_SOURCE MATERIAL_:
#####
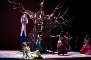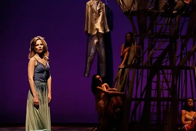 Come regista, la musica, che fa parte della mia formazione artistica, è divenuta parte integrante del racconto, così anche per la parte dell’ “uomo seme” ho scelto un percussionista, che conosco da tempo, Rodolfo Rossi: interpreta un maniscalco, facendo azioni che riproducono le suggestioni ritmiche del lavoro che svolge. Inoltre, la scenografia propone un unico elemento centrale, un grande albero, una scultura scenica, cava e animata da noi donne che vi dormiamo sopra e dentro e muoviamo i rami. L’albero diviene così l’anima del villaggio e indica come, grazie all’energia creativa dello spirito femminile, venga ristabilito il ciclo naturale, interrotto dalla guerra.»
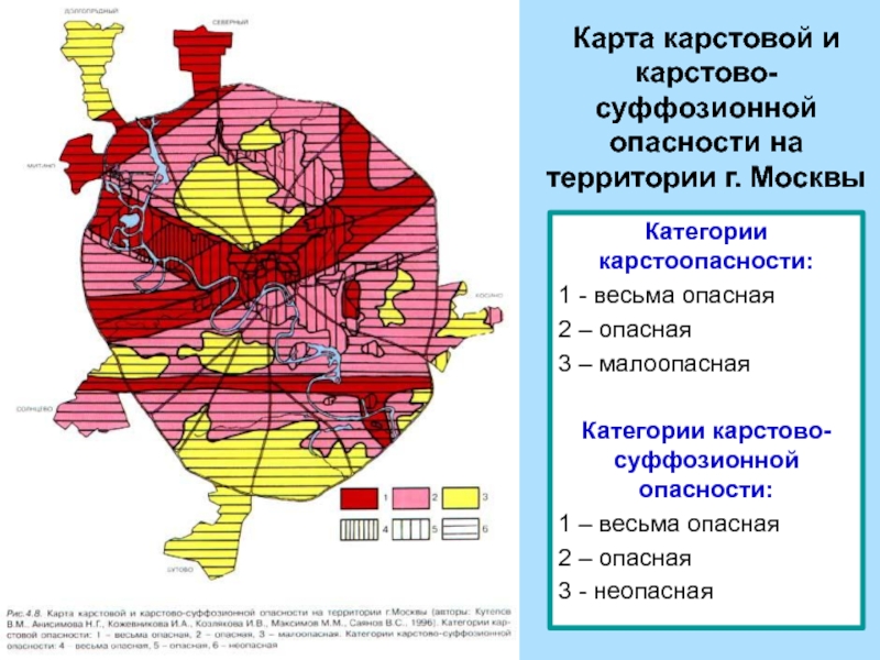 Слайд 71Карта карстовой и карстово-суффозионной опасности на территории г. Москвы
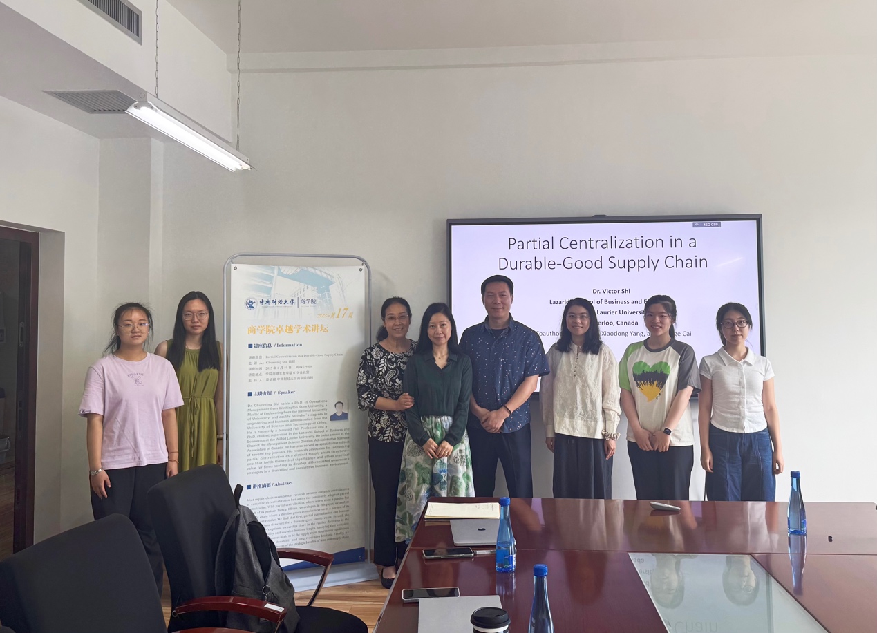 会议由437bwin必赢国际官网供应链管理系教授晏妮娜老师主持。在讲座开始前,晏老师简要介绍了Chunming Shi老师的履历。施春明博士拥有美国华盛顿州立大学运营管理博士学位、国立大学工程硕士学位,以及中国科学技术大学工程与工商管理双学士学位。他现任加拿大威尔弗里德·劳里埃大学拉扎里迪斯必赢国际437官方的终身教授及博士生导师。施博士曾两次担任加拿大行政科学协会(Administrative Sciences Association of Canada)管理科学分会主席,并曾担任多本顶级学术期刊的特刊主编。
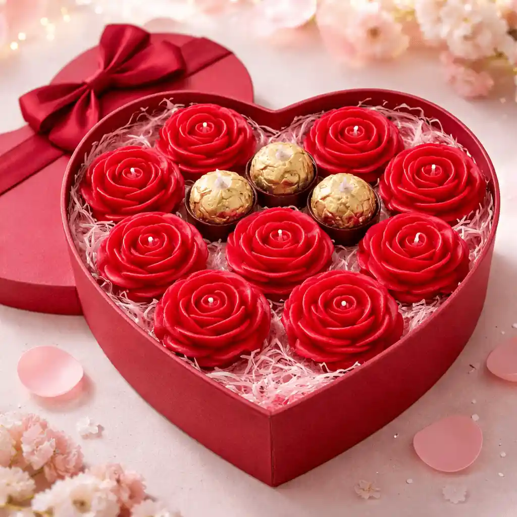 Sorprende con un detalle único y lleno de encanto. Esta hermosa caja en forma de corazón incluye 9 velas artesanales en forma de rosa, cuidadosamente organizadas para crear una presentación elegante y romántica. Ideal para cumpleaños, aniversarios, fechas especiales o para demostrar tu cariño de una forma original. Incluye: • Caja decorativa en forma de corazón • 9 velas aromáticas en forma de rosa • Presentación lista para regalar Perfecto para sorprender con un detalle delicado, especial y memorable.
#####
_GOAL OF THE EXERCISE_:
Would you transcribe all of the data exactly, omitting any pictures?

_EXERCISE RESPONSE_:
 Come regista, la musica, che fa parte della mia formazione artistica, è divenuta parte integrante del racconto, così anche per la parte dell’ “uomo seme” ho scelto un percussionista, che conosco da tempo, Rodolfo Rossi: interpreta un maniscalco, facendo azioni che riproducono le suggestioni ritmiche del lavoro che svolge. Inoltre, la scenografia propone un unico elemento centrale, un grande albero, una scultura scenica, cava e animata da noi donne che vi dormiamo sopra e dentro e muoviamo i rami. L’albero diviene così l’anima del villaggio e indica come, grazie all’energia creativa dello spirito femminile, venga ristabilito il ciclo naturale, interrotto dalla guerra.»
 Слайд 71Карта карстовой и карстово-суффозионной опасности на территории г. Москвы
 会议由437bwin必赢国际官网供应链管理系教授晏妮娜老师主持。在讲座开始前,晏老师简要介绍了Chunming Shi老师的履历。施春明博士拥有美国华盛顿州立大学运营管理博士学位、国立大学工程硕士学位,以及中国科学技术大学工程与工商管理双学士学位。他现任加拿大威尔弗里德·劳里埃大学拉扎里迪斯必赢国际437官方的终身教授及博士生导师。施博士曾两次担任加拿大行政科学协会(Administrative Sciences Association of Canada)管理科学分会主席,并曾担任多本顶级学术期刊的特刊主编。
 Sorprende con un detalle único y lleno de encanto. Esta hermosa caja en forma de corazón incluye 9 velas artesanales en forma de rosa, cuidadosamente organizadas para crear una presentación elegante y romántica. Ideal para cumpleaños, aniversarios, fechas especiales o para demostrar tu cariño de una forma original. Incluye: • Caja decorativa en forma de corazón • 9 velas aromáticas en forma de rosa • Presentación lista para regalar Perfecto para sorprender con un detalle delicado, especial y memorable.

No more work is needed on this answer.